Aku tertegun sejenak. Mencoba mencerna kalimat yang baru saja mendarat di telinga kanan dan kiri.
Mungkin raut wajahku saat itu terlihat konyol. Atau mungkin seperti orang bodoh.
Aku hanya bisa mematung sejenak. Merasakan seluruh organ dalan tubuhku yang tersentak. Semuanya terlalu mendadak. Tidak ada aba-aba. Tidak ada pertanda.
Kesedihan itu seketika pecah. Berusaha bangkit dengan sisa-sisa tenaga yang ada. Melarikan diri sembari wajah yang sudah dibanjiri tangis.
Mengunci pintu rapat-rapat. Bersandar pada pintu sambil memeluk kedua lutut.
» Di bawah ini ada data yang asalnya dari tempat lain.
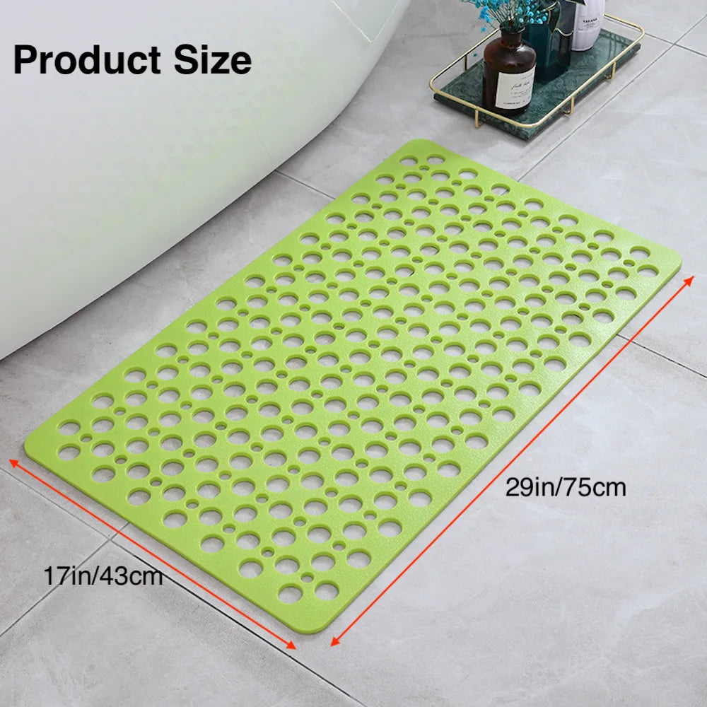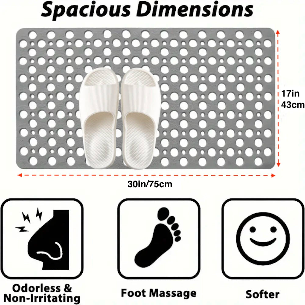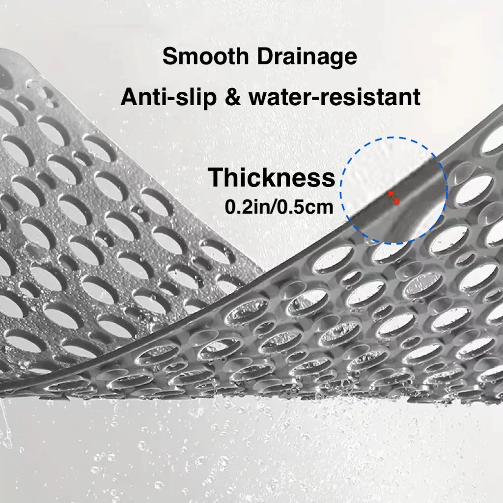 Crafted from high-quality, odorless PVC, this bath and shower mat features a biomimetic suction grip system and round-hole drainage design to prevent slipping while allowing fast water flow and easy cleaning.

Tak hentinya memberikan sentuhan pada kedua pipi. Mulai dari menampar dan mencubit. Sembari berkata, "Ini mimpi. Ini mimpi."
Namun ternyata semuanya bukanlah bunga tidur. Rasa ini terlalu nyata. Semuanya nampak menapak.
Kalimat terakhir itu bersahutan dalam pikiran. Aku mencoba menyusunnya. Mencari makna dari kalimat itu.
Jawabannya selalu sama. Sebuah keputusan di luar nalarku selama ini. Melebihi batasan zona merah yang pernah diikrarkan pada awal pertemuan.
"Semuanya sama saja," pikirku saat itu.